Exercise: Repeat all of the data word for word so that only the pictures are missing from the copy.

Available data:
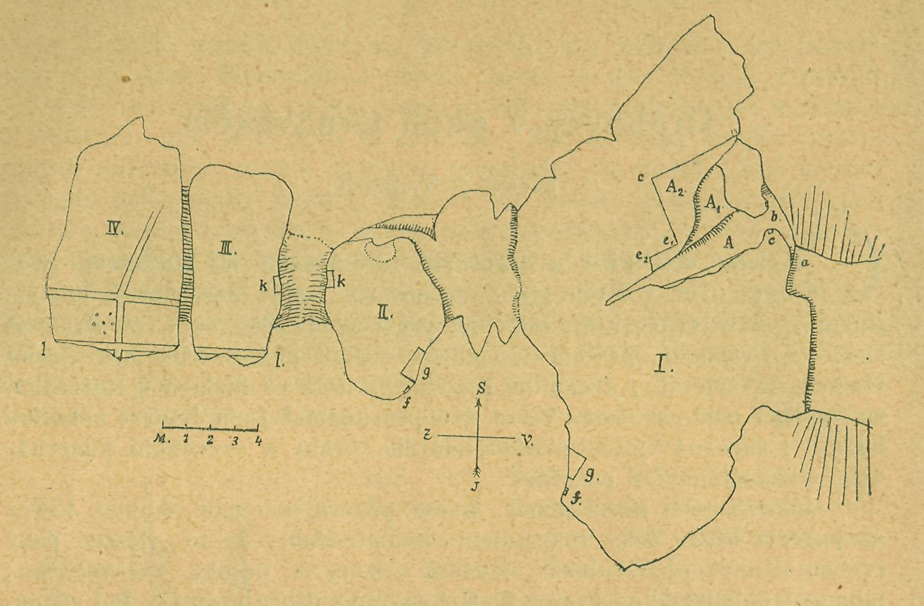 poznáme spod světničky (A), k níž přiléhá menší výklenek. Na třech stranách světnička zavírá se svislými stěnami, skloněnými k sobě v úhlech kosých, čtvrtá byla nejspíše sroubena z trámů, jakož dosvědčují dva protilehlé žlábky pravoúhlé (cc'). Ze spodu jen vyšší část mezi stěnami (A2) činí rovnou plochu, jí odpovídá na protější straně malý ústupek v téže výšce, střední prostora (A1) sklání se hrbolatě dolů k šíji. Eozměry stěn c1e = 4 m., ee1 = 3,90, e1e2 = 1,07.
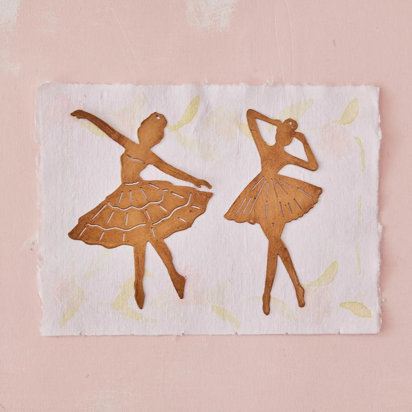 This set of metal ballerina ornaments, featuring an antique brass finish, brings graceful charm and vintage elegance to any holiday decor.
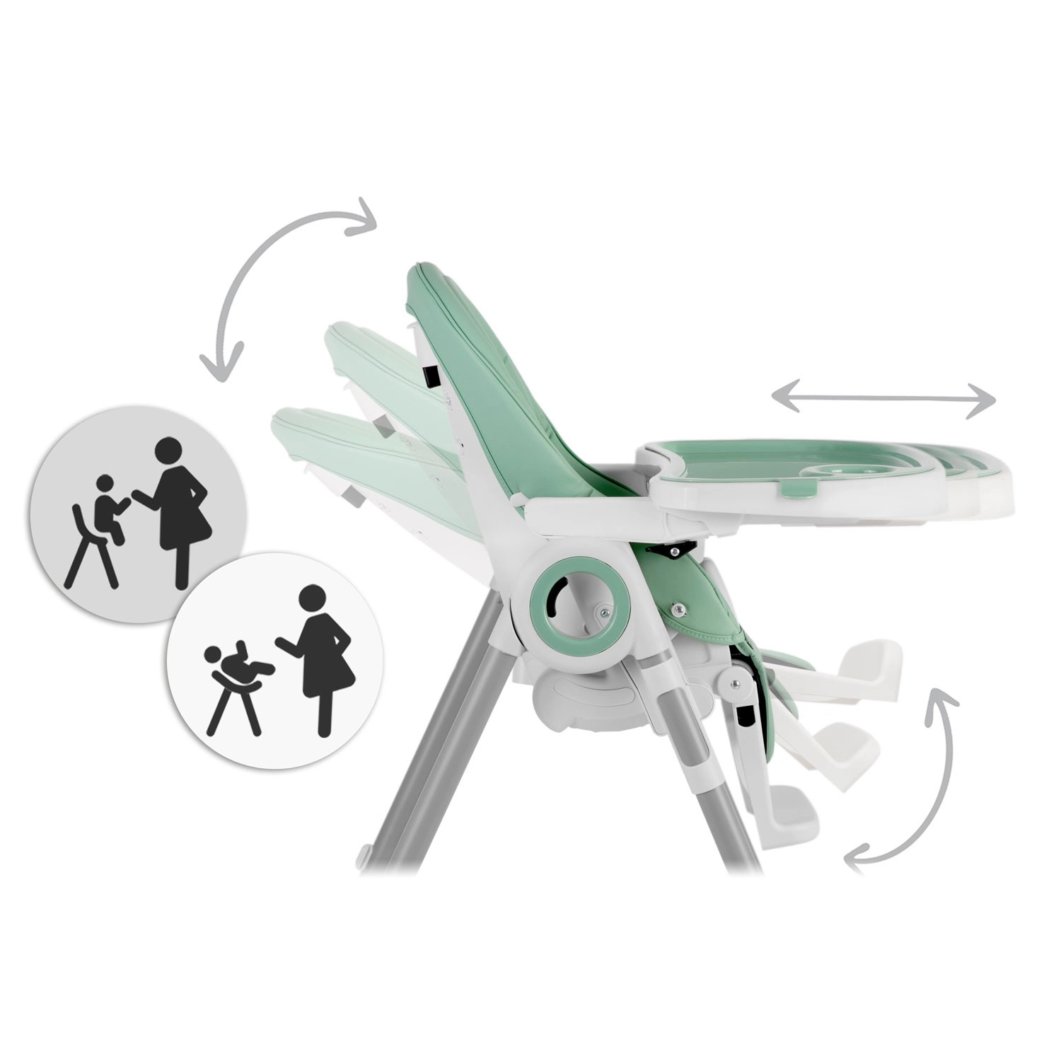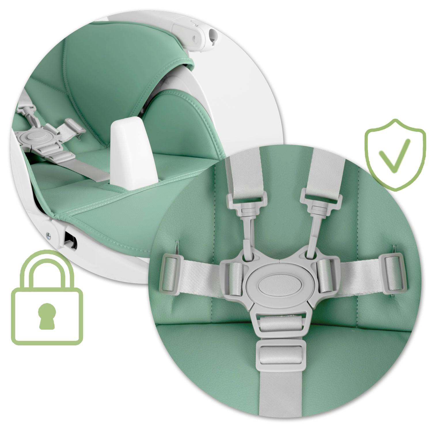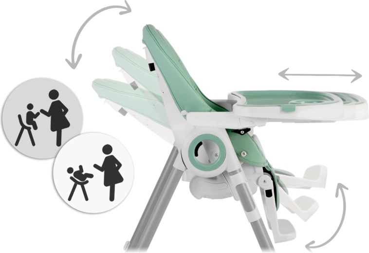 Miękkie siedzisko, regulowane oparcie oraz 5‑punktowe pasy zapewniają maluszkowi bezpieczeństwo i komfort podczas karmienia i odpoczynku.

Completed exercise:
 poznáme spod světničky (A), k níž přiléhá menší výklenek. Na třech stranách světnička zavírá se svislými stěnami, skloněnými k sobě v úhlech kosých, čtvrtá byla nejspíše sroubena z trámů, jakož dosvědčují dva protilehlé žlábky pravoúhlé (cc'). Ze spodu jen vyšší část mezi stěnami (A2) činí rovnou plochu, jí odpovídá na protější straně malý ústupek v téže výšce, střední prostora (A1) sklání se hrbolatě dolů k šíji. Eozměry stěn c1e = 4 m., ee1 = 3,90, e1e2 = 1,07.
 This set of metal ballerina ornaments, featuring an antique brass finish, brings graceful charm and vintage elegance to any holiday decor.
 Miękkie siedzisko, regulowane oparcie oraz 5‑punktowe pasy zapewniają maluszkowi bezpieczeństwo i komfort podczas karmienia i odpoczynku.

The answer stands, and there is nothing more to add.